Teams in NFL are divided into two conferences and 8 divisions (see map). Given that the regular season includes only 16 games for each team it is clear that a team cannot play all the rest of the teams. There is an extremely complicated algorithm for obtaining the schedule of the regular season (various game-related and non game-related constraints are considered), but there are some specific rules that identify the opponents:
- Each team plays 6 games with the other division teams (3 home and 3 on the road)

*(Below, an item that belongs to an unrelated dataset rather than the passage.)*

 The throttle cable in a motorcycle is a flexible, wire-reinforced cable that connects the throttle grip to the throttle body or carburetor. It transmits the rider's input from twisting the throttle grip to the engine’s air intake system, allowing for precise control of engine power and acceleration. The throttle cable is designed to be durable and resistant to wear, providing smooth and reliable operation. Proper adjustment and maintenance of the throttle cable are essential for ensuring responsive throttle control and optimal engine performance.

- Each team plays 4 games (2 home, 2 away) with the teams of a given division in the same conference – determined by rotation
- Each team plays 4 games (2 home, 2 away) with the teams of a given division of the opposite conference – determined by rotation
- Each team plays 2 games (1 home, 1 away) against teams from the two remaining divisions in its own conference – determined by division standings of previous season
Given that it is not possible for every team to play every other team in the league, the question is whether there are teams that travel more for their road games and
ultimately whether this has any impact on the winning percentage of the teams. This brings up the more fundamental question on whether the divisions formed by NFL teams are efficient with respect to traveling fairness. Of course the home city of a team has its own implications on the whole issue (e.g., an imaginary team in Hawaii will have to travel a lot for its road games no matter what) and it will be hard to achieve complete fairness. Nevertheless, given the specific distribution of teams in the cities, what is the optimal forming of the divisions.

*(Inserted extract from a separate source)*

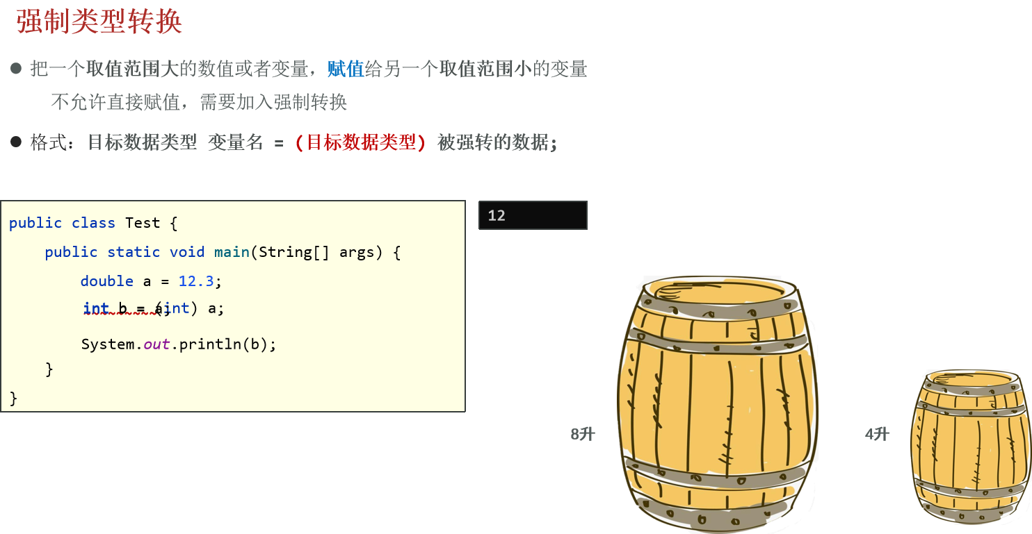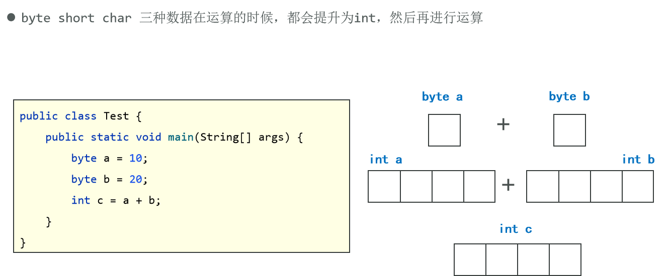 错误原因:b1 和 b2 是 byte 类型数据,相加时会自动提升为 int 类型(Java 的运算类型提升规则),最终结果是 int 类型;将 int 类型值直接赋值给 byte 类型变量,属于 "大类型赋值给小类型",会导致编译错误。

Let’s start by examining the distance traveled for each road game for each team during the last 7 seasons. The following figure presents these distances in a box plot for each team.
As we can see there are teams that tend to travel large distances such as Seattle and San Francisco, while there are others that travel smaller distances (e.g., Pittsburgh and Cleveland). One might have expected this since the majority of the teams are in the central and east part of the country and hence, teams from the west coast are expected to travel more. Furthermore, the AFC north division (where Pittsburgh and Cleveland play) is more geographically contained and hence, there is not much traveling involved for their divisional games. Using the distances traveled for the last 7 NFL seasons we can make pairwise comparisons between teams. In particular, we performed a standard t-test between all pairs and the following matrix presents the results. Each point correspond to the difference between the distance traveled by the row team minus the distance traveled by the column team. It should be evident that the element (i,j) of this matrix is the negative of the element (j,i). Also the grid points with the red color correspond to comparisons that cannot reject the null hypothesis, that is, the two teams travel the same distances!
As we can see, teams such as SF, SEA, ARI and OAK travel the most (the corresponding rows have light-colored grid points that based on the legend correspond to larger travel distances). One might think that this is kind of unfair since teams that travel a lot might be affected in their performance. Hence, I did a very simple experiment. In particular, for every team and for each one of the last 7 regular seasons, I calculated (a) the average distance traveled for its road games and (b) its final winning percentage. Then I computed the correlation between these two metrics. The following figure presents the scatterplot and it should be obvious that there is no relationship between them! In other words, less travel does not translate to more wins!
Even though there is not a relationship between road game distance and winning percentage, is there a better division of teams such that the travel distances are minimized all across the board? We start by performing a hierarchical clustering of teams based on their location in order to see what kind of clusters/divisions we get based on the geography of the teams (I have considered the Rams being still in Saint Louis).
As we can see at the two top-level clearly divide the teams in “west” coast and “east” coast teams. The current conference/division structure of the NFL does not do so (e.g., SEA is at NFC, while OAK is at AFC). Focusing at the dendrogram level that gives 8 clusters, i.e., the 8 divisions, we can see that the these divisions have different number of points (teams) in them. However, we need to constraint the clusters to 4 points each if we want to keep the current structure of the league. Therefore, the solution obtained by the hierarchical clustering can form the initialization of an iterative algorithm that tries to find 8 clusters of 4 points each, such that the average pairwise distance of the points in each clusters is minimized. Then these 8 clusters can further be agglomerated in 2 conferences in a similar manner. Based on this objective the optimal division of teams is the following:
This division reduces the inter-division (geographic) distances by 73% as compared to the current division. Of course, I am not suggesting that these should be the divisions in the NFL, since I understand that there are way more factors to be considered except from the geography. Nevertheless, who would not want to see the Steelers beating the Patriots twice a year!